When I did this to send my calipers off I used a large flat piece of wood and jacked up on the chassis.


----------



## Skint (Oct 11, 2014)

If you look on ebay there is some attatchments to fit a trolley jack that sit in those jacking points.


----------



## Karls (Jul 12, 2010)

As well as the four plastic 'pads' mentioned, there is a rear central jacking point, look for an aluminium dome poking through the undertray and at the front, central again behind the oil drain flap in the engine undertray.


----------



## 5star (Nov 17, 2014)

The front jack point is quite a way back.
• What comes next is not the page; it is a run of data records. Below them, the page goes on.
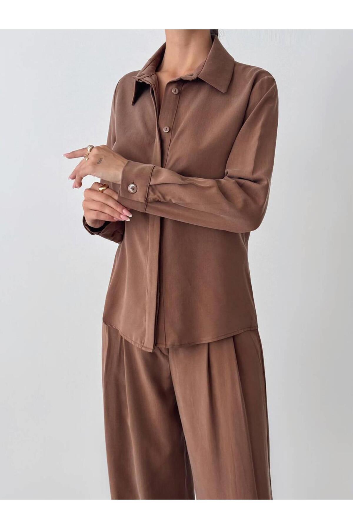 Gizli Patlı Gömlek Pantolon Takım 9004 Kahve Gizli Patlı Gömlek Pantolon Takım 9004 Kahve W25W-MCT-00006 L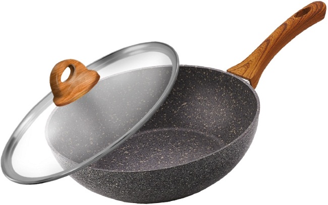 Тип: вок; Размер: Макс. размер (см): 24; Толщина стенок (мм): 3.3; Высота стенок (см): 7; Материал сковороды: кованный алюминий; Материал ручек: бакелит; Антипригарное покрытие: каменное (мрамор, гранит); Функции и возможности: индукционное дно; мытье в посудомойке;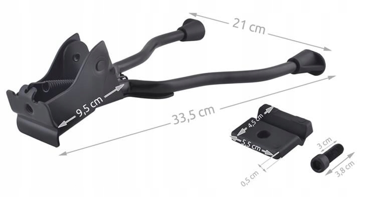 Подвійна металева велосипедна підставка для кріплення до задньої частини велосипеда (між заднім колесом). Центральне кріплення, з гвинтом. У комплект входить розпірна шайба, яка захищає велосипед від подряпин під час складання ніжки та піднімає ніжку ( шайбу можна зняти).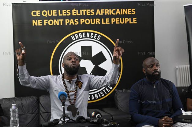 Légende : Kémi Séba, polémiste franco-béninois anticolonialiste, ex-leader de Tribu Ka, groupuscule pour la séparation raciale dissout en 2006, président de l'ONG Urgences Panafricanistes, s'exprime lors d'une conférence de presse, durant laquelle il a prôné un "Black Power" centré sur l'identité africaine, incompatible selon lui avec les revendications du mouvement "Black Lives Matter" /// Kémi Séba, Franco-Beninese anti-colonialist polemicist, ex-leader of Tribu Ka, movement in favour of racial separation dissolved in 2006, president of the NGO Urgences Panafricanistes, speaks during a press conference press conference, during which he advocated a "Black Power" centered on African identity, incompatible according to him with the demands of the movement "Black Lives Matter" - Paris - 26/06/2020 - Photo © Lionel Préau +33 (0)6 68 12 83 77

I have a really low jack and it doesn't reach, so I have to drive the car onto ramps first, then slide the jack under the car. These are the ramps I got, they are really light and perfect size: http://amzn.to/2fzKQAv


----------



## Danny Danger (Jan 24, 2014)

They will most likely just jack the car up with 4 separate jacks.


----------



## keithmac (Mar 1, 2014)

Someone on here had their suspension arms bent by a company jacking his car up to remove the wheels, worste but was they either didn't notice or if they knew didn't tell him about it..


----------



## Trevgtr (Dec 24, 2012)

Tears ago I had a vehicle damaged by an mot bay who jacked the car up using a 2 poster lift with swinging arms... on the cills! Unbelievable I know, 4 whacking great dents in the cills!
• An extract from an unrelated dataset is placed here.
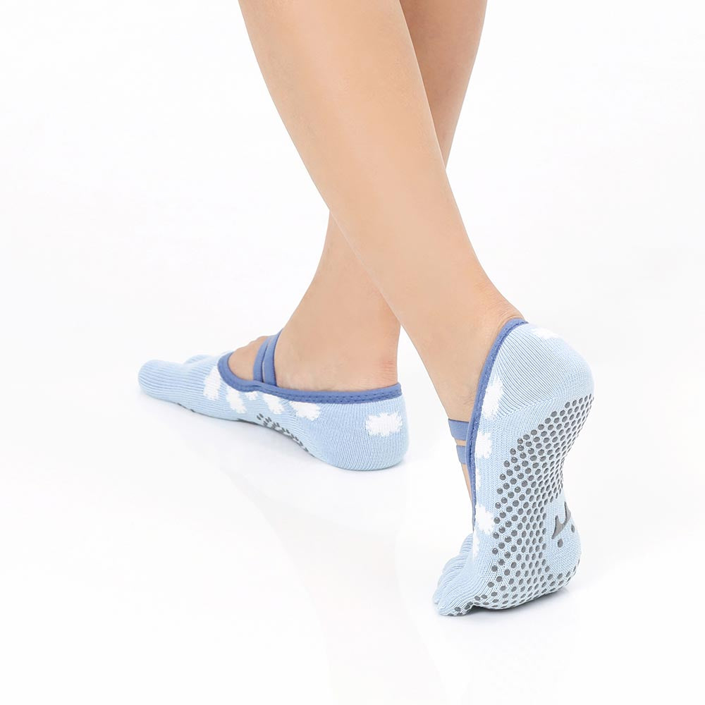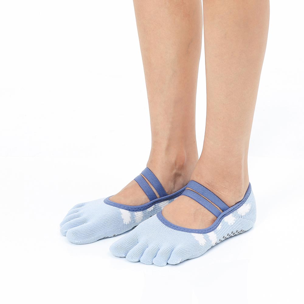 【韓國 Thumb Toe】皮拉提斯織帶款止滑五趾運動襪-Airplane

edited to add, Tears should be Years, but actually Tears seems more appropriate because I did nearly cry, a Freudian slip haha.


----------



## Karls (Jul 12, 2010)

5star said:


> The front jack point is quite a way back. I have a really low jack and it doesn't reach, so I have to drive the car onto ramps first, then slide the jack under the car. These are the ramps I got, they are really light and perfect size: http://amzn.to/2fzKQAv


I made mine out of 4" x 2" timber bolted together.


----------



## Kenco (Jul 25, 2003)

Thanks for the advice guys, I will try to talk them into using 4 jacks, sound like the most risk averse method


----------



## Skint (Oct 11, 2014)

I would'nt powder coat any wheels . Never seen a decent lasting job yet.

Slightly off subject what's the actual cost to do them?


----------



## bobbie (Jan 3, 2013)

Hear you are!









Bobby


----------



## 5star (Nov 17, 2014)

If only the underside of my car looked as shine and fresh as that!


----------



## bobbie (Jan 3, 2013)

you mean to say your bottoms not that clean?

Bobby


----------



## davew (Apr 28, 2003)

5star said:


> If only the underside of my car looked as shine and fresh as that!
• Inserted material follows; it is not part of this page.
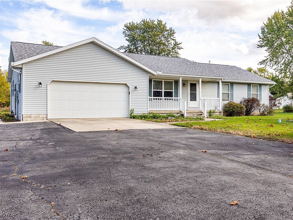 Welcome to this wonderful 3 bedroom 2 full bathroom ranch which sits on a private 1 acre lot. The heart of the home is the large eat-in kitchen, complete with a center island, plenty of counter space, and ample cabinetry—perfect for family meals or entertaining guests. A bright and airy front living room greets you, while the expansive back family room provides the perfect space to unwind or host gatherings. You'll also enjoy the added bonus of both a relaxing 3-season room, and large front porch, offering even more space to enjoy the surrounding nature. The spacious master suite features a full bathroom with both a shower and tub, and plenty of closet space. Two additional well-sized bedrooms with a full guest bathroom provide ample room for family or guests. Enjoy the convenience of the laundry area on the main floor. The unfinished basement is a blank slate for any rec room needs. New roof 2022. Hot water tank 2020. Propane tank is owned. Attached 2 car garage. For those with hobbies or business needs, the impressive 32x48 outbuilding is a standout feature. With two separate doors, built-in lift, electric, and the option to add a woodburning stove, this space is perfect for anyone. Whether you're looking for a peaceful retreat or a place to expand and grow, this home is a must-see! Call today to set up your showing!

we will clean your bottom and make it look pretty:thumbsup::thumbsup::thumbsup::thumbsup::thumbsup::thumbsup:


----------



## lordretsudo (Dec 24, 2011)

Skint said:


> I would'nt powder coat any wheels . Never seen a decent lasting job yet.
> 
> Slightly off subject what's the actual cost to do them?


I had the badly kerbed golden wheels on my Scoob powder-coated to anthracite when I got it and they looked like new 6 years later. I had the GTR ones re-done when I got the car 3 1/2 years ago and they still look perfect. If they're looked after I don't see why they wouldn't be OK?! They cost around £60 a wheel (in the northeast at least).


----------



## barry P. (May 9, 2010)

Skint said:


> If you look on ebay there is some attatchments to fit a trolley jack that sit in those jacking points.


The BMW jack pads fit into the Nissan jacking point slots in the GTR chassis, you can buy these rubber pads off eBay, they are very cheap and do a great job spreading the jacking point load and also keep the jack arm off the cars sills.

I bought 4 of these and they do the job really well, eBay item number 15110454233


----------